Uncertainty in evidence can be disaggregated into stochastic uncertainty (i.e. patient-level variation or first-order uncertainty) and parameter uncertainty (i.e. second-order uncertainty) [4]. This can be illustrated using a time-to-event parameter, e.g. the time-to-progression after surgery. If, for a certain patient group, this parameter is defined by a mean estimate (Table 1 – Box A), the parameter uncertainty in this mean estimate needs to be accounted for, which can be done using a parametric distribution in the probabilistic sensitivity analysis (PSA) (Table 1 – Box B) [4]. For example, this parameter uncertainty could be reflected by defining a Normal distribution for the mean time-to-progression based on the estimated mean and standard error, by applying the Central Limit Theorem [5]. Additionally, it is possible to account for stochastic uncertainty by using parametric distributions to describe individual patient variation, such as typically used in patient-level state-transition models [6] and discrete event simulation (DES) models [7]. For example, a Weibull distribution [8] can be used in a DES model to derive and assign patient-specific time-to-progression values (Table 1 – Box C), rather than assigning the estimated mean time-to-progression to all patients (Table 1 – Box A). As for the parameter defined by the mean estimate in Box A of Table 1, the uncertainty in the parameters defining this Weibull distributions needs to be accounted for [4]. However, there is currently no clear guidance on how to reflect parameter uncertainty (i.e. second-order uncertainty) in these parametric distributions used to describe stochastic uncertainty (i.e. patient-level variation or fist-order uncertainty) in PSA (Table 1 – Box D).

Table 1 Illustration of the example that is discussed in the introduction

Reflecting parameter uncertainty in parametric distributions is challenging because these distributions are typically defined by multiple parameters, e.g. the shape and scale parameter of the Weibull distribution, with their values preferably estimated from individual patient data (IPD).
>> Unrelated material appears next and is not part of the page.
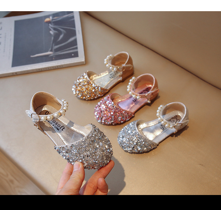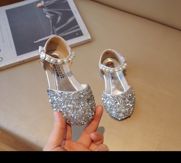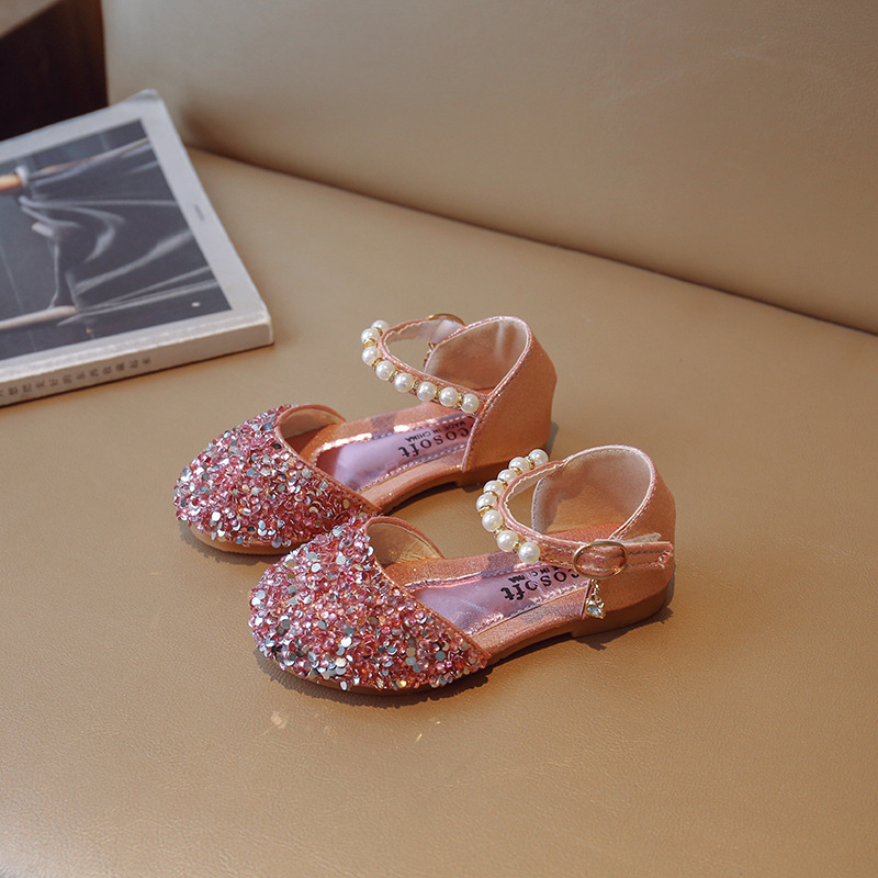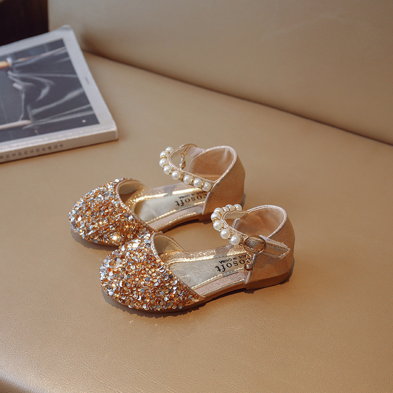 女童包头凉鞋2023春夏新款韩版女宝宝蝴蝶结公主鞋儿童珍珠舞蹈鞋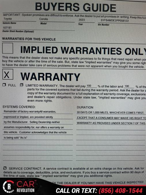 Car Revolution is honored to present a wonderful example of pure vehicle design... this 2023 Toyota Corolla LE only has 50,115mi on it and could potentially be the vehicle of your dreams! This Toyota includes: Optional Equipment: Interior Black Exterior and Appearance Metallic paint Paint Blueprint Metallic paint Emissions 50 State Emissions LEV3-SULEV30 emissions Tier 3 Bin 30 emissions *Note - For third party subscriptions or services, please contact the dealer for more information.* The greater your fuel-efficiency, the less your carbon footprint. And with exceptional MPGs, this Toyota Corolla treads ever so lightly on Mother Earth. Based on the superb condition of this vehicle, along with the options and color, this Toyota Corolla LE is sure to sell fast. A truly breathtaking example of pure vehicle design achievement...this is the vehicle of your dreams! Car Revolution has been in business since 1998 with 2 locations and over 300 cars. A family owned business, focused and determined to extend hospitality to all our clients. We make every effort to present information that is accurate. However, it is based on data provided by the vehicle manufacturer and other sources. Therefore exact Configuration, Color, Certification and Accessories should be used as a guide only and are not guaranteed under any circumstances, for any inaccuracies, claims of losses of any nature. All advertised prices includes all cost to be paid by the consumer, except: Title, Taxes, Registration, License Fees, Insurance, Dealer Prep, Additional Options and include all applicable rebates. Subject to Credit Approval. Every effort is made in order to display accurate and current vehicle information, including Pricing. All vehicles are subjected to prior sale, removal and transport elsewhere, awaiting Title and Ownership Confirmation. Inventory is updated daily and subject to change. Not responsible for typographical errors or omissions. To better insure the specific vehicle's availability, call us right away at 856-316-3444 and feel free to ask any questions. EMG-WB Thank you for your interest in one of Car Revolution's online offerings. Please continue for more information regarding this 2023 Toyota Corolla LE with 50,115mi. Outstanding fuel economy and sleek styling are two great reasons to consider this Toyota Corolla. Driven by many, but adored by more, the Toyota Corolla LE is a perfect addition to any home. You could keep looking, but why? You've found the perfect vehicle right here. Look no further, you have found exactly what you've been looking for. Car Revolution has been in business since 1998 with 2 locations and over 300 cars. A family owned business, focused and determined to extend hospitality to all our clients. We make every effort to present information that is accurate. However, it is based on data provided by the vehicle manufacturer and other sources. Therefore exact Configuration, Color, Certification and Accessories should be used as a guide only and are not guaranteed under any circumstances, for any inaccuracies, claims of losses of any nature. All advertised prices includes all cost to be paid by the consumer, except: Title, Taxes, Registration, License Fees, Insurance, Dealer Prep, Additional Options and include all applicable rebates. Subject to Credit Approval. Every effort is made in order to display accurate and current vehicle information, including Pricing. All vehicles are subjected to prior sale, removal and transport elsewhere, awaiting Title and Ownership Confirmation. Inventory is updated daily and subject to change. Not responsible for typographical errors or omissions. To better insure the specific vehicle's availability, call us right away at 856-316-3444 and feel free to ask any questions. EMG-WB

When estimated from IPD, these distributions’ parameters are correlated for most of the parametric distributions commonly used in health economic analyses, such as Gamma, Beta, Log-Normal, and Weibull distributions [8]. Consequently, it is incorrect to estimate the values of, for example, the shape and scale parameters independently, and to define independent (i.e. separate) distributions for each of these parameters’ uncertainty in PSA. Therefore, guidance is needed towards approaches that maintain the correlation in the parameters of distributions reflecting stochastic uncertainty when accounting for the parameter uncertainty these parameters introduce.

The lack of specific guidance is illustrated by recently published modeling studies that do not fully utilize IPD while performing PSA, for example, by adjusting predicted values (stochastic uncertainty) with a random percentage [9], by excluding correlation between parametric distributions’ parameters [10], or altogether not reporting (including) parameter uncertainty in parametric distributions [11]. As a consequence of inadequately reflecting all types of uncertainty in the synthesized evidence used for analysis, suboptimal resource allocation and research prioritization decisions may be made due to biased outcomes of PSA, overestimated confidence in the corresponding expected values of the PSA, and ensuing biased estimation of the value of collecting additional evidence to better inform decision making [12].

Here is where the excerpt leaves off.